** The problem **
What is needed is a word-for-word copy of all the entries, minus the pictures.

** Records for the exercise **
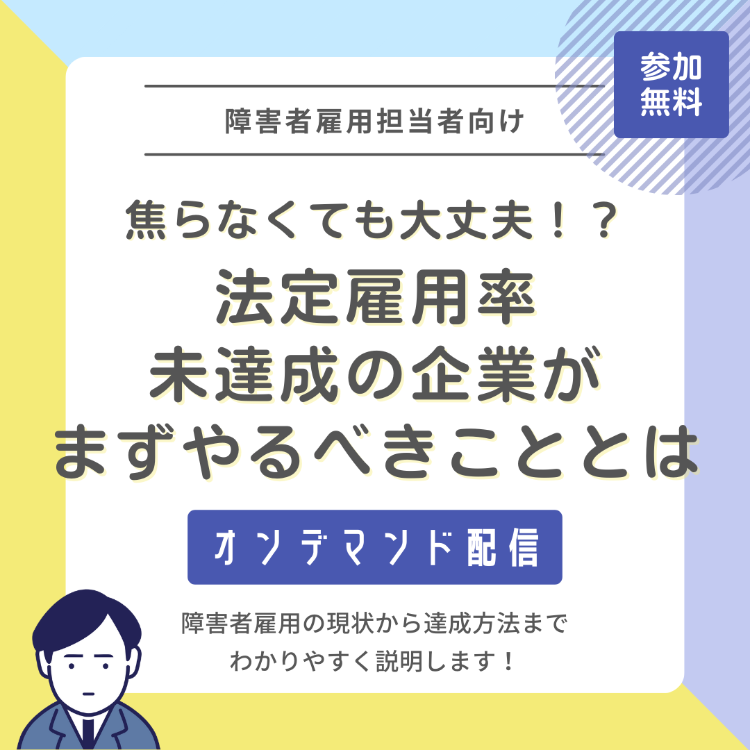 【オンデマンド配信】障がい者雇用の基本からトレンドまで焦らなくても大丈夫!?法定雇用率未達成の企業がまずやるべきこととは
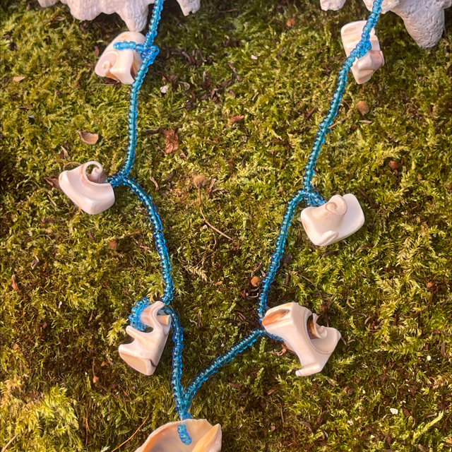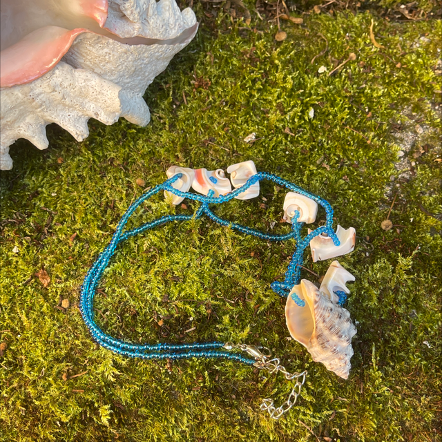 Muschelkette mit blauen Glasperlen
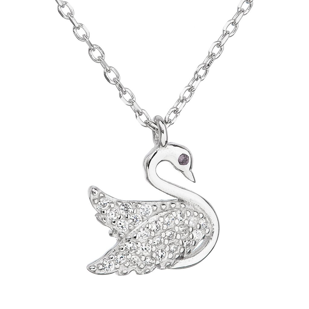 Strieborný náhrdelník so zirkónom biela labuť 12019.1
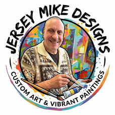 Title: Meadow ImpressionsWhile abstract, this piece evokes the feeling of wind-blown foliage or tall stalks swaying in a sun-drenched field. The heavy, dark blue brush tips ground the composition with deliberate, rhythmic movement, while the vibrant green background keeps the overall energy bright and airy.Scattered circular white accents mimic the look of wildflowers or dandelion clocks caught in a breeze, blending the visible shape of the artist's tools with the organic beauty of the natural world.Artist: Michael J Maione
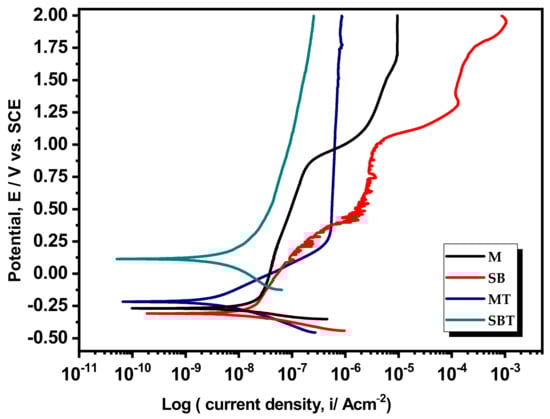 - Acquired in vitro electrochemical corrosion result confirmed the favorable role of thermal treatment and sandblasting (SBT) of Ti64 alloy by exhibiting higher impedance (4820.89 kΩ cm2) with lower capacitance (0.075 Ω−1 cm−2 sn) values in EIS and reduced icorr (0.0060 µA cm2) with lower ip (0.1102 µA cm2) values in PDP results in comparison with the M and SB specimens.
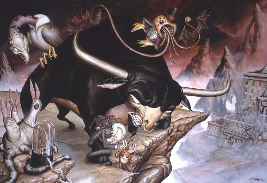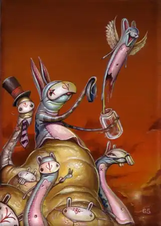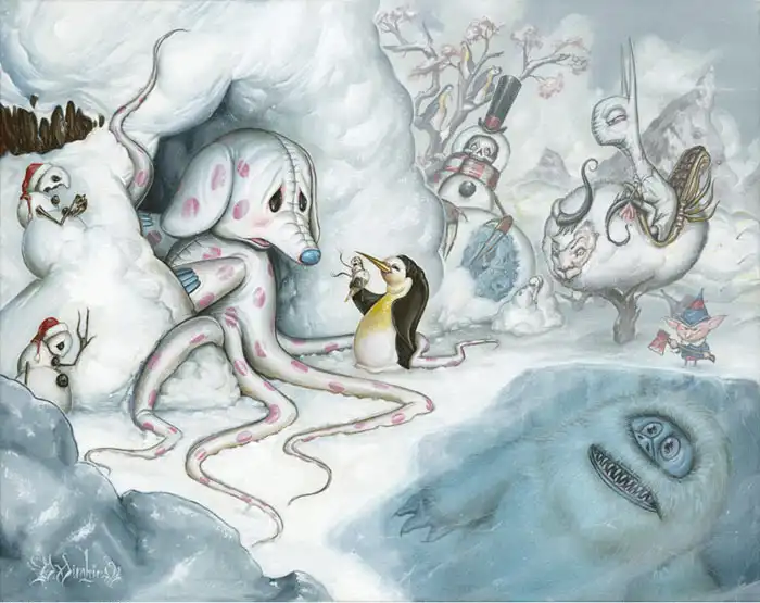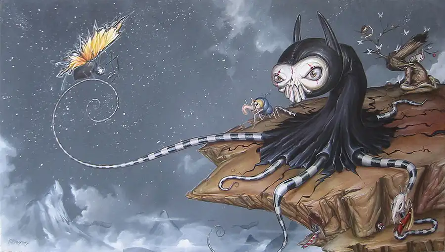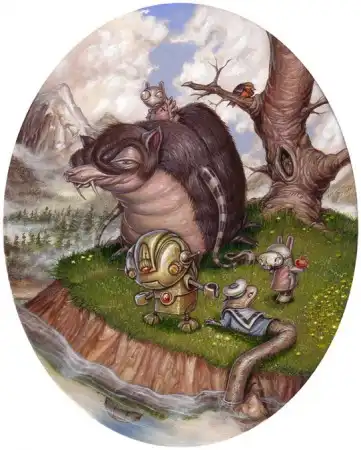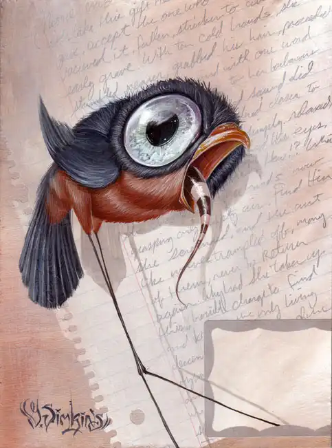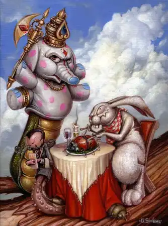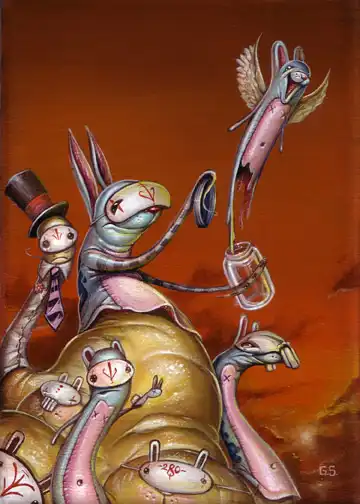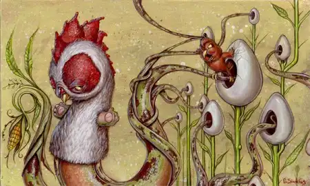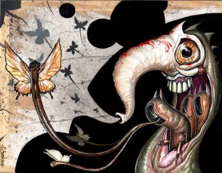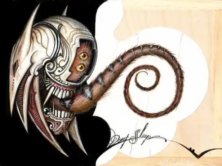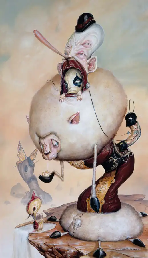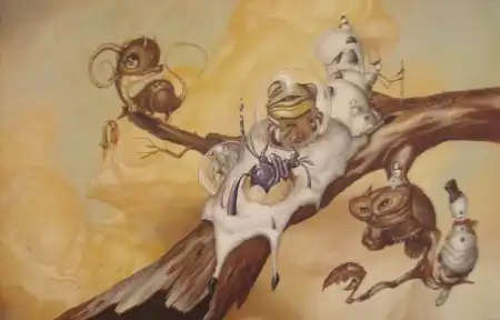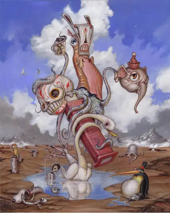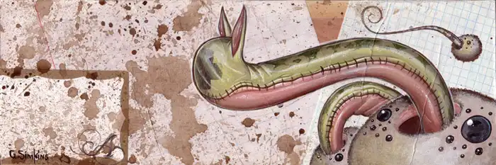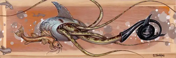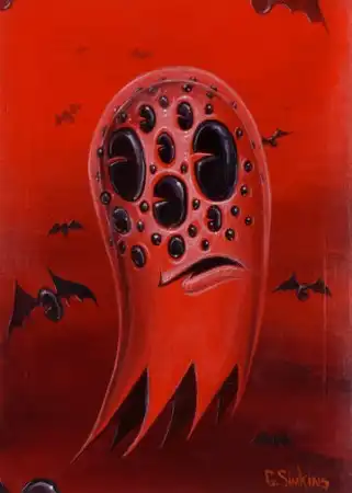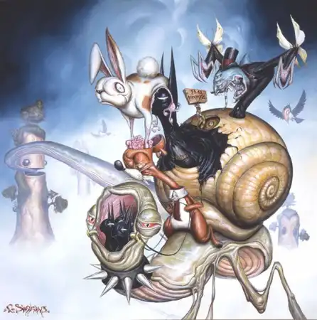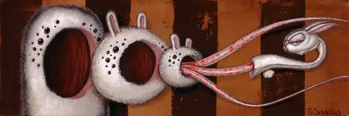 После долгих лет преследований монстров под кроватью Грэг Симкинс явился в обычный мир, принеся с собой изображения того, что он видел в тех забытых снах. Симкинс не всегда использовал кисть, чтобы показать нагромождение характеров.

** Answer box **
 【オンデマンド配信】障がい者雇用の基本からトレンドまで焦らなくても大丈夫!?法定雇用率未達成の企業がまずやるべきこととは
 Muschelkette mit blauen Glasperlen
 Strieborný náhrdelník so zirkónom biela labuť 12019.1
 Title: Meadow ImpressionsWhile abstract, this piece evokes the feeling of wind-blown foliage or tall stalks swaying in a sun-drenched field. The heavy, dark blue brush tips ground the composition with deliberate, rhythmic movement, while the vibrant green background keeps the overall energy bright and airy.Scattered circular white accents mimic the look of wildflowers or dandelion clocks caught in a breeze, blending the visible shape of the artist's tools with the organic beauty of the natural world.Artist: Michael J Maione
 - Acquired in vitro electrochemical corrosion result confirmed the favorable role of thermal treatment and sandblasting (SBT) of Ti64 alloy by exhibiting higher impedance (4820.89 kΩ cm2) with lower capacitance (0.075 Ω−1 cm−2 sn) values in EIS and reduced icorr (0.0060 µA cm2) with lower ip (0.1102 µA cm2) values in PDP results in comparison with the M and SB specimens.
 После долгих лет преследований монстров под кроватью Грэг Симкинс явился в обычный мир, принеся с собой изображения того, что он видел в тех забытых снах. Симкинс не всегда использовал кисть, чтобы показать нагромождение характеров.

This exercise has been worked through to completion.